I want to be like...
Mama Kat? She is awesome, no?! Actually, she's the inspiration for this week's assignment and if you'd like to see more you can visit her here!
What first comes to mind is that I want to be like my mom. She's strong, and smart, and funny (not as funny as me, but she tries).
She is the most awesome mom around, which is good and bad.
Good because, really, who doesn't want to have been raised by an awesome mom? Never had to worry about her smoking crack, street walking, or cracking my skull with a baseball bat. She was pretty Sesame Street when I was growing up, and other than a couple of minor incidents (like this one time, at the pool), she's never really embarrassed me or anything like that.
But, it's bad too. Because, my kids, who are ridiculously infatuated with their Mimi, hold me to a much higher standard than I am able (or even willing) to attain.
They pretty much think that I am a sub par, substitute (fatter, dorkier, more annoying) version of Mimi for those occasions that she can't be around (which unluckily for them is most everyday of the week).
This is how bad it is: Sometime around my last birthday, we were discussing how old they thought I was going to be.
Me: So, dudes (yes, I really call them that), how old do you think I'm going to be?
#1: I don't know.
#2: Like 48.
Me: No, not 48. Just guess...
#1: I don't know. I guess you'll be like 30.
#2: Yeah. Or like 100.
Me: Tell me this. Who do you think is older, me or Dad?
#1: Dad (obviously, 'cause he's an old fart)
Me: Okay. Then who do you think is older, me or Mimi.

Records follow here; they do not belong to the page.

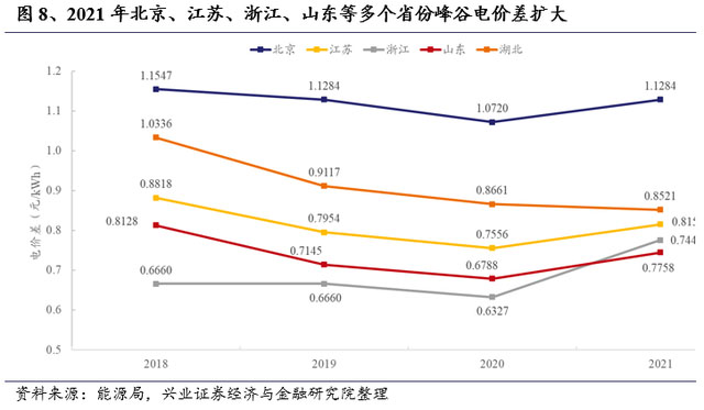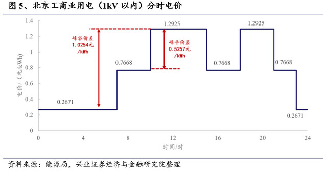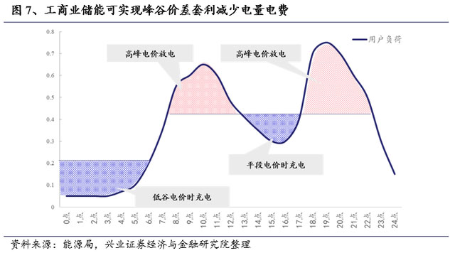 4、在國內(nèi)工商業(yè)用戶側(cè)配置儲能可實現(xiàn)“峰谷價差套利+減少容量電費成本”。我國對于大容量工商業(yè)用電實行“容量電費+電量電費”模式,因此通過配置儲能,一方面通過儲能在低谷電價時充電,高峰電價時放電可減少電量電費,另一方面由于用電負荷的高峰用電時段一般時間很短,通過配置削減用電負荷的“高峰段”,可以減少容量電費成本。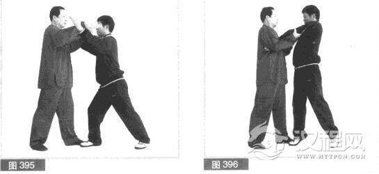 (3)紧接不停,在对方欲向回抽右臂之际.我动在敌前,左脚速向前上步,落至对方右脚左侧。(图391)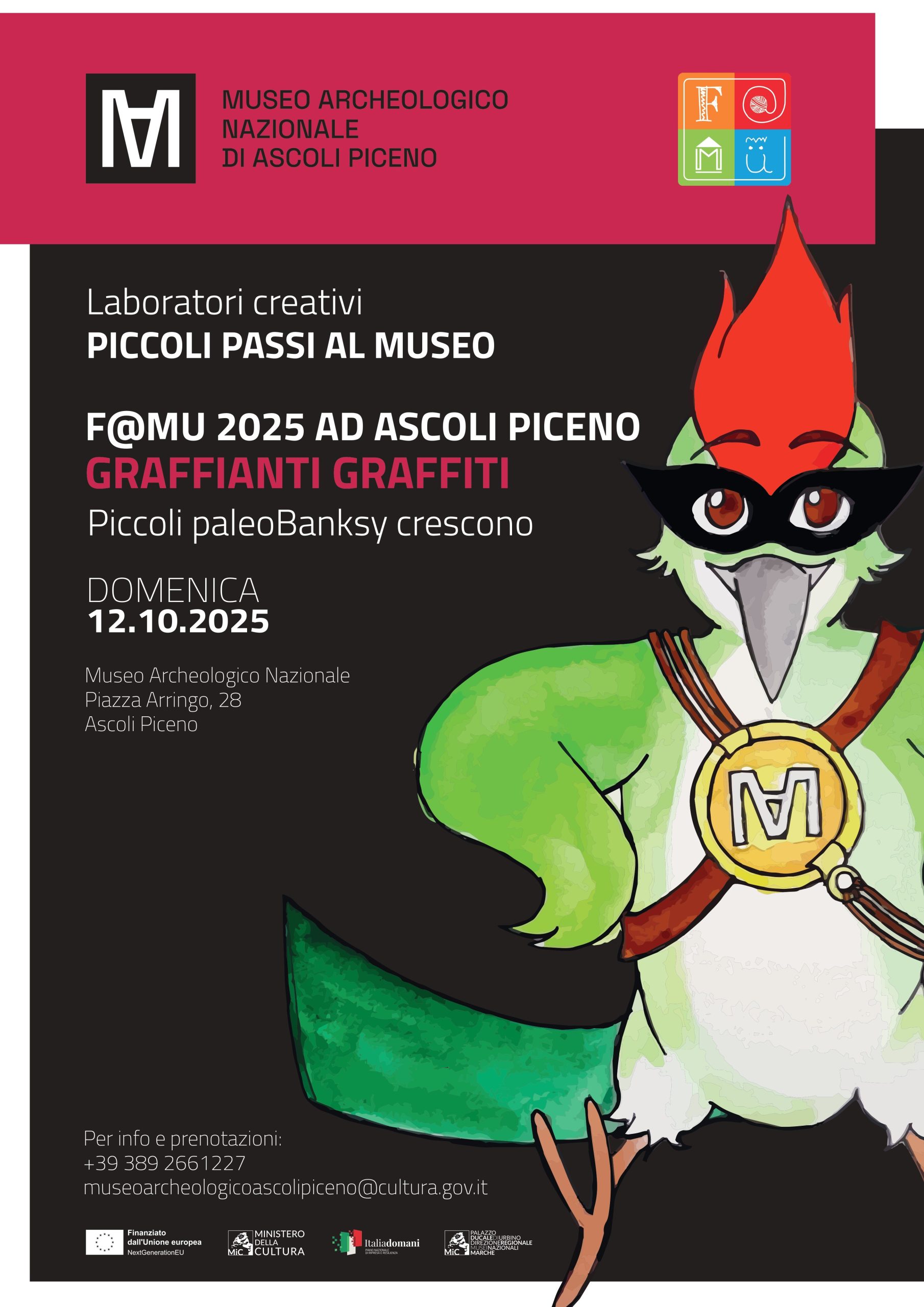 Domenica 12 ottobre il Museo Archeologico Nazionale di Ascoli Piceno partecipa alla Giornata Nazionale delle Famiglie al Museo (FaMu) con un appuntamento davvero speciale che inaugura la nuova stagione di “Piccoli Passi al Museo”, la serie di incontri dedicati ai più piccoli e alle loro famiglie, in programma ogni seconda domenica del mese.

#1: You. Mimi is not old she is young! (said with moral outrage and indignation)
Great. I'm older than my own mom?
Obviously, their evidence is flawed (possibly because Mimi likes to tell them she is 29). But, they really believe that since I am the sterner-slower-more-appreciative-of-quite-less-fun version of Mimi, I must be older.
Point is, it's already too late where my own kids are concerned, so I'm hoping that one day, when I'm a grown up, I'll be a mimi a lot like Mimi.
'Cause, if nothing else, she's so dang cute!
Or, if I'm super lucky (or stupid) I could grow up to be just like this role model mom who was kind enough to leave this lovely comment as a guide to personal improvement on the blog I write for the local paper.
Hmmm.. like so many other "newbie" parents I see these days... WHO CONTROLS WHOM??? GET UP and MOVE your child when you tell them to move and they stare at you blankly like you are speaking an unfamiliar language (although all languages are becoming familiar in this country these days); SIT your kids down next you you and TELL THEM to BEHAVE! DON'T let your kids run around like wild animals - that is what the PARK IS FOR! I had my first child at 17, granted I was the 2nd of 11 children, so I have plenty of experience with kids, but I AM THE PARENT, and I TELL MY KIDS what they can and can't do... PERIOD! All four daughters have grown into incredible, well-mannered, respectful, and respectable young ladies (two have graduated and two more in high school - on honor roll!) YOU MUST MAKE your children obedient children - they will respect you if you give them the fear of repercussions of their action should they not. THAT is EXACTLY what today's families are lacking - there is no fear of repercussions because there AREN'T ANY!!! Don't be afraid to punish your child(ren) for not being obedient! You don't have to beat them up to get them to hear you - just be a loving parent who respects the job of raising children. You brought them into this world it is YOUR responsibility to control them, to teach them, to guide them - NOT A VILLAGE'S!!!!
I decided to thank her this Thursday. Since, you know, she deserves it.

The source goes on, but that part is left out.